LIQUIDITY AND CAPITAL RESOURCES

         During the three months ended June 30, 2000, the Company obtained a
loan of $100,000 from its President and CEO, George Wuagneux. This loan, plus
related interest, was repaid through the issuance of 14,824 common shares. The
Company also obtained two short-term loans totaling $236,000, as reflected in
the condensed financial statements. The Company issued no additional new shares
of stock and did not raise cash proceeds from any other sources.

         Net cash used in operating activities was $1,366,263 for the six months
ended June 30, 2000. Net operating cash flows for the six months ended June 30,
2000 were primarily attributable to operating losses of $546,242, and the
increase in real estate projects of $1,377,399 offset by an increase in accounts
payable of $378,883.

         Net cash provided by financing activities was $1,272,677 for the six
months ended June 30, 2000, primarily attributable to proceeds from issuance of
common stock and notes payable.

                                       9
<PAGE>


                           PART II - OTHER INFORMATION

Item 1 LEGAL PROCEEDINGS

       None

Item 2 CHANGES IN SECURITIES AND USE OF PROCEEDS

         During the period from March 31, 2000 to the date of this filing, the
Company issued a total of 14,824 shares of common stock to Biltmore Vacation
Village, Inc. for conversion of debt totaling $111,177.
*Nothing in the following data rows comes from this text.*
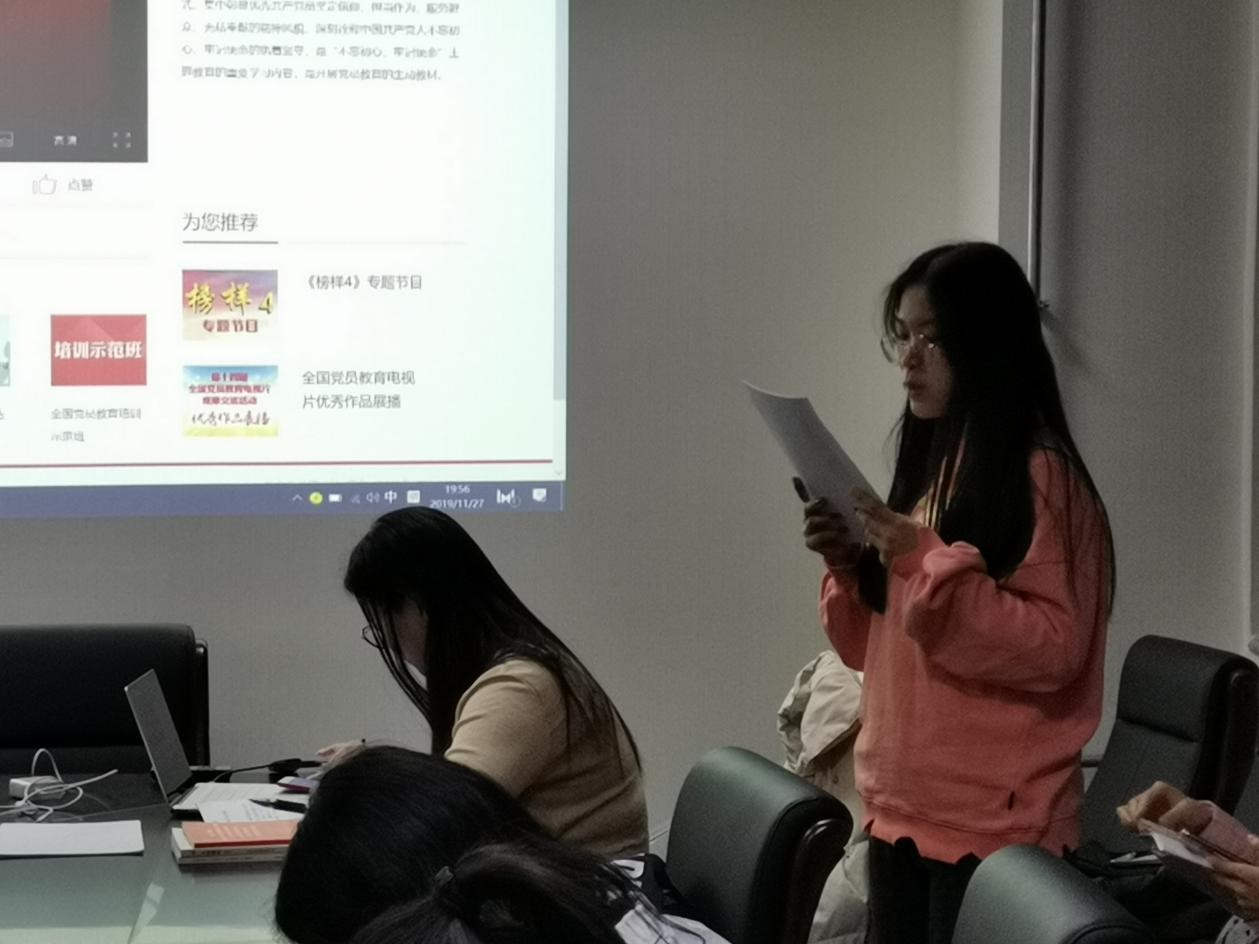 支部成员共同学习十九届四中全会公报,高洁馨,王亚丰以及杨柯林向大家分享了学习心得,大家共同学习交流后一致认为,中国特色社会主义制度和国家治理体系是经过长期实践检验的符合中国国情的正确选择,我们要紧密联系实际,保持奋斗姿态,强化责任担当,在学习和工作中承担起自己的责任,发挥模范作用。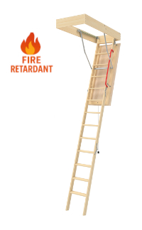 The LFT Fire-Retardant Insulated Attic Ladder is a 3-section folding wooden ladder designed to provide enhanced fire resistance and excellent thermal insulation. With an R-value of 10, it is well-suited for residential applications where improved energy efficiency and fire-retardant access to the attic is needed.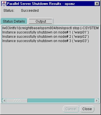Click OK in the Parallel Server Stopped message to acknowledge the message, then click Close in the Parallel Server Shutdown Results.
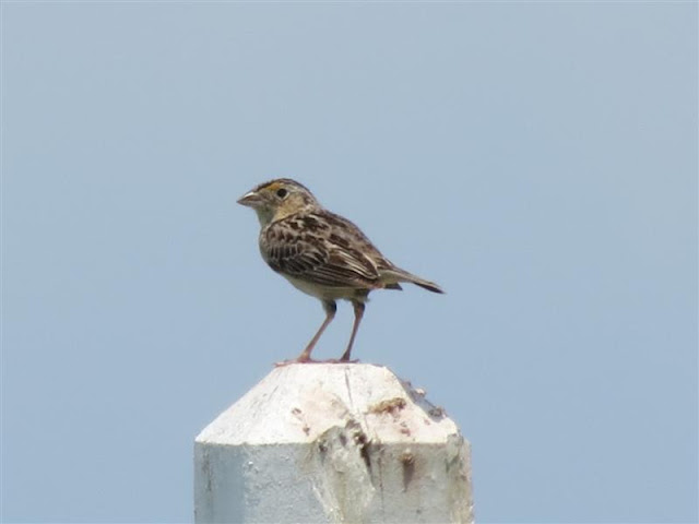 I posted my bird or what I thought was my female Dickcissel on my facebook page so members of my bird club could see.. when they informed my second bird was a Grasshopper Sparrow. The Grasshopper Sparrow has a pale white central crown stripe, yellow lores, white eye ring, heavy bill and a chunky body. Cool..lifer number two..I was happy with my sightings, my next back road bird will be a Bobolink maybe during the fall migration?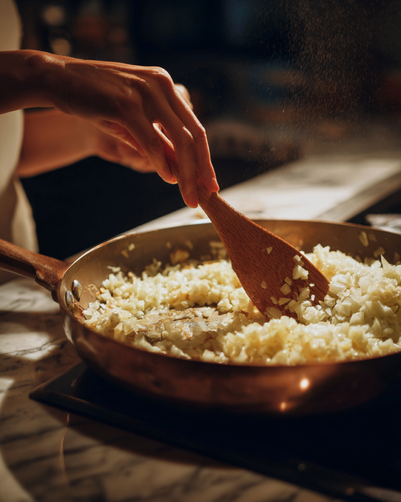Heat a large, deep pot over medium heat. Add the olive oil and allow it to warm for a few seconds. Add the finely chopped onion and sauté for 3 to 4 minutes, stirring occasionally, until the onion becomes soft and translucent. This step builds the foundation of flavor.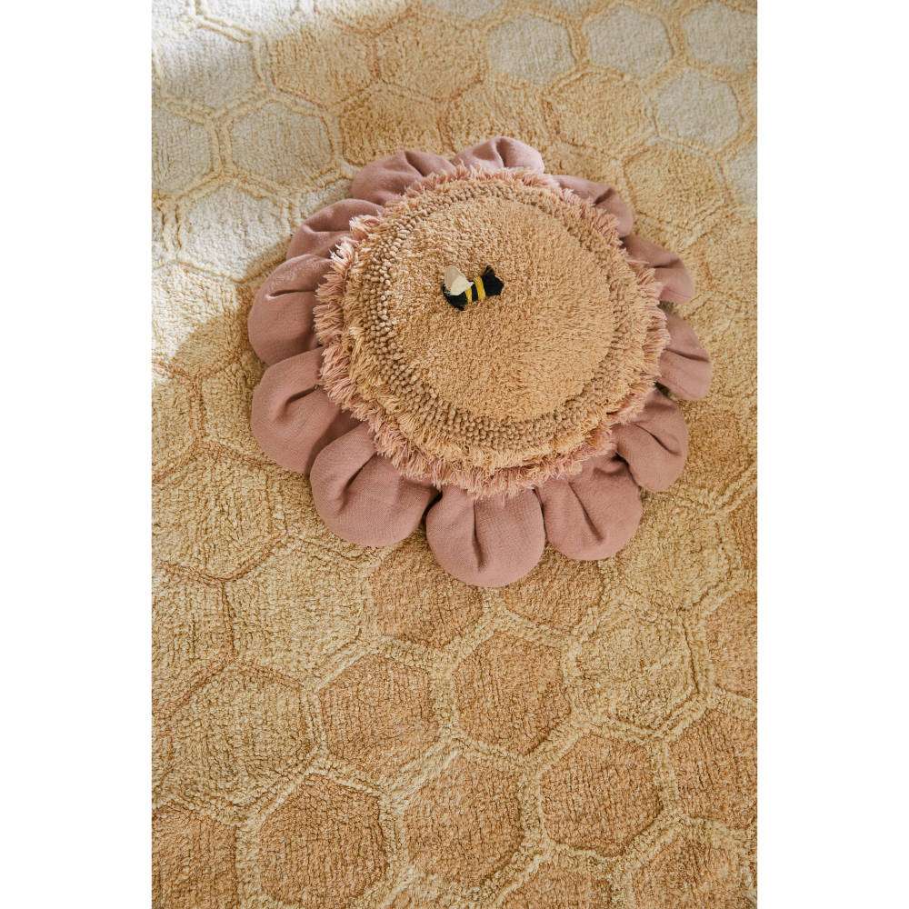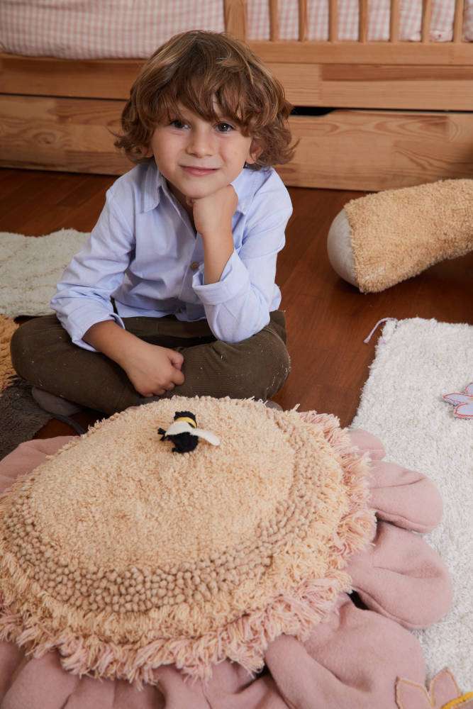 Super fijn vloerkussen Pink Daisy is een lekker royaal sierkussen in de vorm van een roze madeliefje. Dit kussen heeft fantastische details zoals een getuft middenstuk in goudgele katoenen chenille met langere en dikkere strengen om het gestructureerde oppervlak van het bloemhart te creëren. De grote roze bloemblaadjes van katoenen canvas rondom het kussen maken het helemaal af. Gevuld met zachte polyester vulling. Het zachte katoenen kussen is vrij van chemicaliën en heerlijk om mee te knuffelen en spelen. Het kan ook in de wasmachine, dus super praktisch! Maak je eigen ‘Planet Bee’ compleet en combineer met de andere artikelen uit de collectie!

         The Company intends to finance future activities by (1) obtaining
equity financing through the sale of its stock; (2) obtaining construction loans
and lines of credit from financing institutions to fund construction and
development of its Bullhead City and St. Tropez projects; and (3) selling
vacation ownership units in the projects and using the proceeds to repay the
construction financing.


Item 3 DEFAULTS UPON SENIOR SECURITIES

       None


Item 4 SUBMISSION OF MATTERS TO VOTE OF SECURITY HOLDERS

       None


Item 5 OTHER INFORMATION

         Larry B. Lombard resigned as Chief Financial Officer and Director of
the Company as of May 16, 2000, and Ms. Tennie Sedlacek was appointed as Chief
Financial Officer and Director in his place on the same date.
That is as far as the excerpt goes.